---------- Data below ----------

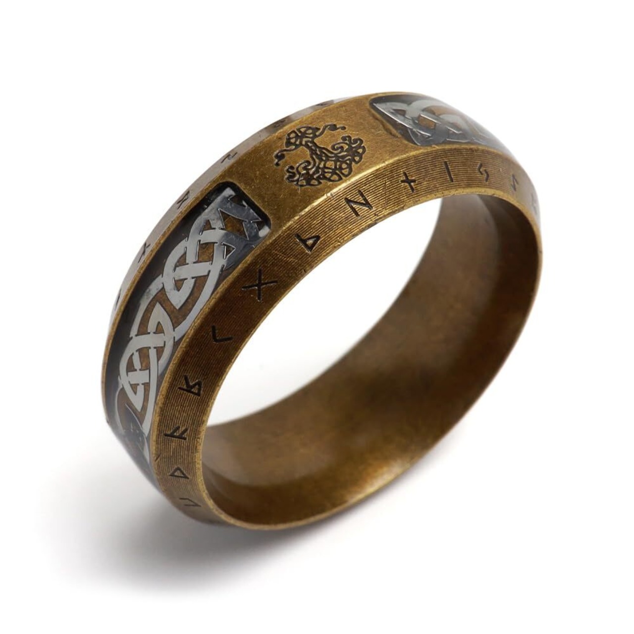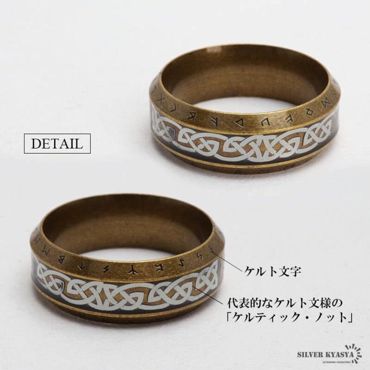 [silver KYASYA]ステンレス ケルト模様リング アンティークゴールド つや消し加工 ユグドラシル 生命の樹 ヴィンテージリング メンズ 指輪 男性 金属アレルギー対応
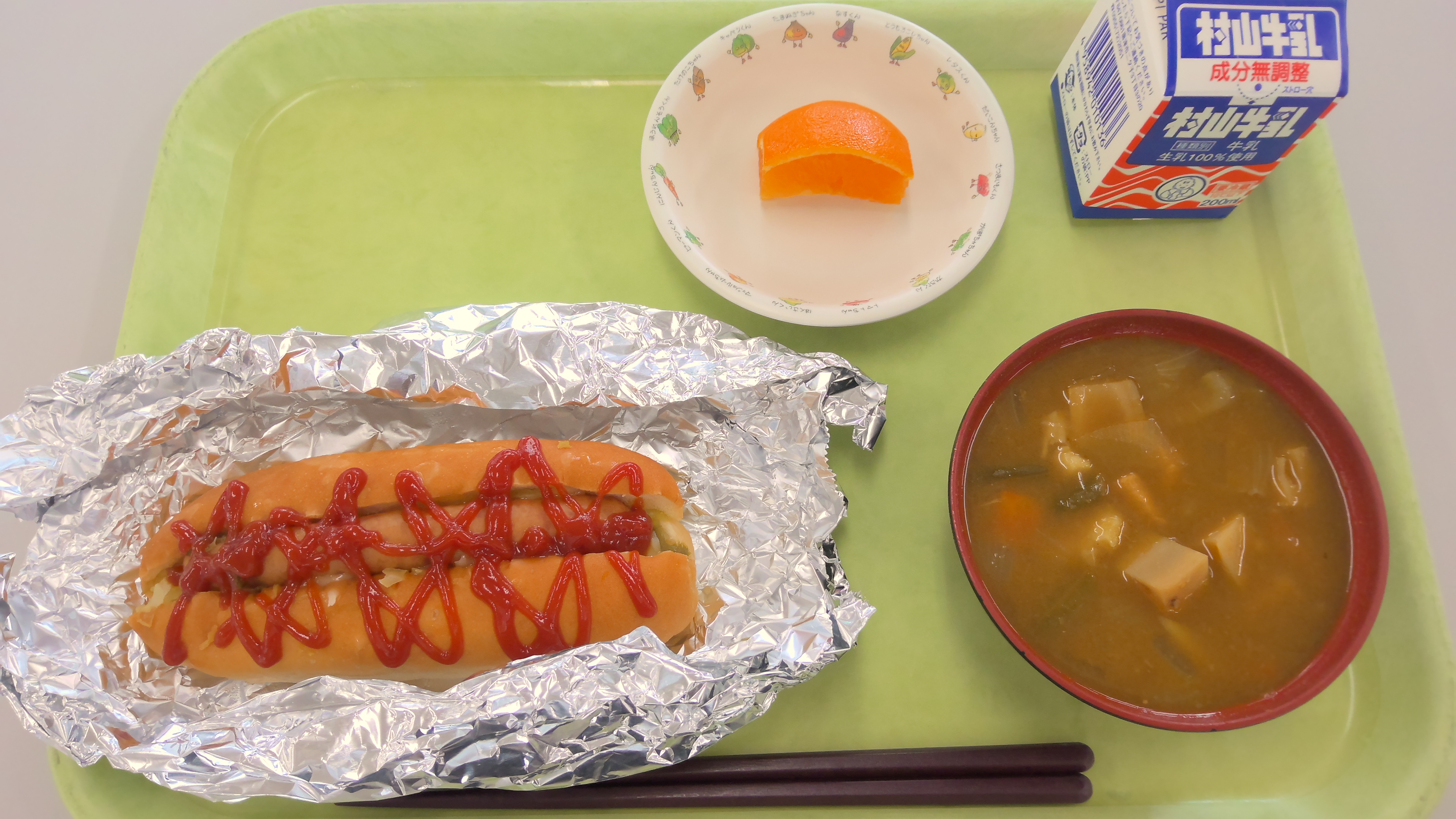 献立名:ホットドッグ、牛乳、根菜のカレースープ、くだもの(ポンカン)
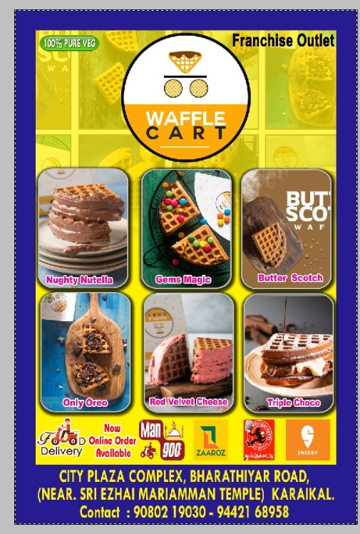Welcome to Waffle Cart, an inviting spot nestled on Bharathiyar Road in Karaikal, Puducherry. This eatery offers an extensive range of delectable waffles alongside a selection of snacks and milkshakes, all crafted to satisfy your cravings.

----------

• Task description:
Print all the lines above exactly as they are, but without the pictures.

• Answer space:
 [silver KYASYA]ステンレス ケルト模様リング アンティークゴールド つや消し加工 ユグドラシル 生命の樹 ヴィンテージリング メンズ 指輪 男性 金属アレルギー対応
 献立名:ホットドッグ、牛乳、根菜のカレースープ、くだもの(ポンカン)
Welcome to Waffle Cart, an inviting spot nestled on Bharathiyar Road in Karaikal, Puducherry. This eatery offers an extensive range of delectable waffles alongside a selection of snacks and milkshakes, all crafted to satisfy your cravings.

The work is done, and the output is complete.